However, some researchers might argue that laboratory notebooks or preliminary drafts fall under the scope of data because of the importance for their research. The above definitions prove that the notion of ‘research data’ depends on the context. Those definitions help to explain why ‘research data’ often depends on interpretation. As Borgman put it, one researcher’s signal—or data—may be someone else’s noise [243].

Advertisement

4.4 What is missing in the scope of ‘research data’?

Only one of the above definitions, namely, the definition of research data developed by the University of Melbourne, explicitly includes metadata as a component of research data. Metadata is structured information associated with an object for purposes of discovery, description, use, management, and preservation.14 In short, metadata is data about data—information about information. In the context of scientific data, metadata is even more important because it provides the context needed to make sense of what would otherwise be a collection of numbers. Without metadata, any data is unlikely to be reusable and almost certainly would not allow for the research to be reproducible. For this reason, all stakeholders involved in open research data need to explicitly acknowledge that ‘research data’ includes metadata.

In addition to core research data and metadata, the final component required for reproducibility by research funders is the code or algorithms used to undertake the analyses [244]. In a substantial number of cases, the interpretation and analysis of data are dependent on the availability of software. In some cases, sharing of software code may not be permitted, as the code may be a commercial application or it can be protected by intellectual property such as patents. Yet in all instances where the code can be shared, it should be shared, and research funders need to include statements in their policies to that effect.

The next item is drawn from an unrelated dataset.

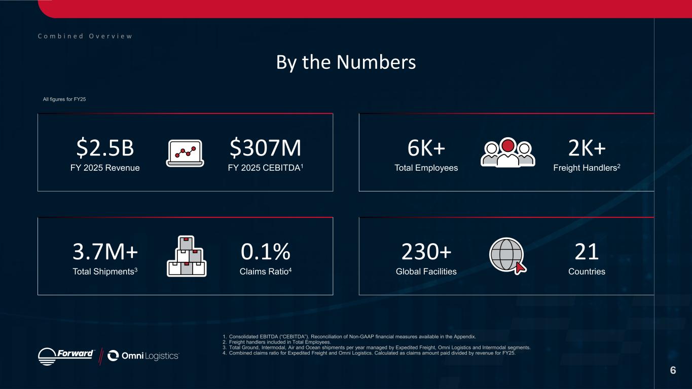 C o m b i n e d O v e r v i e w Who We Are: A Story of Transformation and Excellence Our Heritage Forward Air's revolutionary expedited ground freight network, established in 1981, and Omni’s innovative logistics solutions, founded in 2000, represent decades of excellence in logistics innovation. Our Combined Strength Together, we have created a logistics powerhouse that combines Forward Air's robust North American LTL network with Omni's global logistics solutions, delivering unprecedented value and capabilities to our customers. Our Future This strategic union positions us as a leading force in global logistics, offering comprehensive solutions that span continents and streamline supply chains. 5

The code and the relevant algorithms need to become integral to the term ‘research data’.

Furthermore, most definitions of ‘research data’ do not address the degree of processing of the data that is shared. Research data can refer to ‘top-level data’ typically underpinning scientific publications or to ‘working versions’ incorporating different types of analyses, cleaning, and processing steps or to ‘raw data’ collected in research or harvested by scientific equipment. The various levels of data processing and control are discussed in the context of research data management, in Chapters 5 and 6.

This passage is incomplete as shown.